§ **Dataset entries**:
Segment Open

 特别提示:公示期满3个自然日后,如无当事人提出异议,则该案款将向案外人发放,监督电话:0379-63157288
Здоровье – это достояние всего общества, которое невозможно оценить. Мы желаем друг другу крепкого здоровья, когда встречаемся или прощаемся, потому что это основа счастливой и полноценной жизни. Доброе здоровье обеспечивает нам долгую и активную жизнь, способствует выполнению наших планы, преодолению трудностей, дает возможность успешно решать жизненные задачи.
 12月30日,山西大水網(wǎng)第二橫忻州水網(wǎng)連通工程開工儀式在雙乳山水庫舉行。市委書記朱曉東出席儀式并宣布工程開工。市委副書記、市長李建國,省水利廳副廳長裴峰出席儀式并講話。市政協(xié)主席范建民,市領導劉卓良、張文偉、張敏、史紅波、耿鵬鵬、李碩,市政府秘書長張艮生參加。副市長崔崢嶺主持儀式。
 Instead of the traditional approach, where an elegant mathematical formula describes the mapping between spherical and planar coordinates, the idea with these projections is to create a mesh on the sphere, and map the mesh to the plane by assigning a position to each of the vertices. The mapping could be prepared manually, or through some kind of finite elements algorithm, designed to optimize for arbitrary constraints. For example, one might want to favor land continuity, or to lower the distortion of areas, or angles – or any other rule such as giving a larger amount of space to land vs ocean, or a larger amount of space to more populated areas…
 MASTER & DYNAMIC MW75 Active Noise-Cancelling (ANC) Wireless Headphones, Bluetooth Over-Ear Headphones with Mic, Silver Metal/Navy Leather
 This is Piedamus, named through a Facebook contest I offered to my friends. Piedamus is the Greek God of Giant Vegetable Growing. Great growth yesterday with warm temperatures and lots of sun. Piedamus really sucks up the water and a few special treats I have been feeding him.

Segment Closed
Segment Open

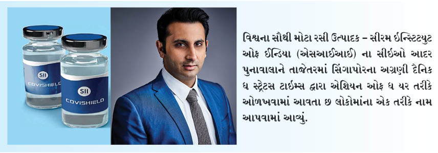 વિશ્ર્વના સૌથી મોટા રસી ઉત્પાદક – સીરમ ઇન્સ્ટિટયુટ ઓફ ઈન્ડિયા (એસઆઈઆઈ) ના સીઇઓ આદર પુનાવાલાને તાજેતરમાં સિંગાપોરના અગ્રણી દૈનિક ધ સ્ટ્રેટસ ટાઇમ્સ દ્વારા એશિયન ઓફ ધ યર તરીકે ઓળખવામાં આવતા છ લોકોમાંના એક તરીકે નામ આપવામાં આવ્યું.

Segment Closed

§ **Exercise brief**:
Look above for the line with "Здоровье – это" and the line with "This is Piedamus, named"; transcribe both and all lines in between, exactly, and nothing else.

§ **Output for this exercise**:
Здоровье – это достояние всего общества, которое невозможно оценить. Мы желаем друг другу крепкого здоровья, когда встречаемся или прощаемся, потому что это основа счастливой и полноценной жизни. Доброе здоровье обеспечивает нам долгую и активную жизнь, способствует выполнению наших планы, преодолению трудностей, дает возможность успешно решать жизненные задачи.
 12月30日,山西大水網(wǎng)第二橫忻州水網(wǎng)連通工程開工儀式在雙乳山水庫舉行。市委書記朱曉東出席儀式并宣布工程開工。市委副書記、市長李建國,省水利廳副廳長裴峰出席儀式并講話。市政協(xié)主席范建民,市領導劉卓良、張文偉、張敏、史紅波、耿鵬鵬、李碩,市政府秘書長張艮生參加。副市長崔崢嶺主持儀式。
 Instead of the traditional approach, where an elegant mathematical formula describes the mapping between spherical and planar coordinates, the idea with these projections is to create a mesh on the sphere, and map the mesh to the plane by assigning a position to each of the vertices. The mapping could be prepared manually, or through some kind of finite elements algorithm, designed to optimize for arbitrary constraints. For example, one might want to favor land continuity, or to lower the distortion of areas, or angles – or any other rule such as giving a larger amount of space to land vs ocean, or a larger amount of space to more populated areas…
 MASTER & DYNAMIC MW75 Active Noise-Cancelling (ANC) Wireless Headphones, Bluetooth Over-Ear Headphones with Mic, Silver Metal/Navy Leather
 This is Piedamus, named through a Facebook contest I offered to my friends. Piedamus is the Greek God of Giant Vegetable Growing. Great growth yesterday with warm temperatures and lots of sun. Piedamus really sucks up the water and a few special treats I have been feeding him.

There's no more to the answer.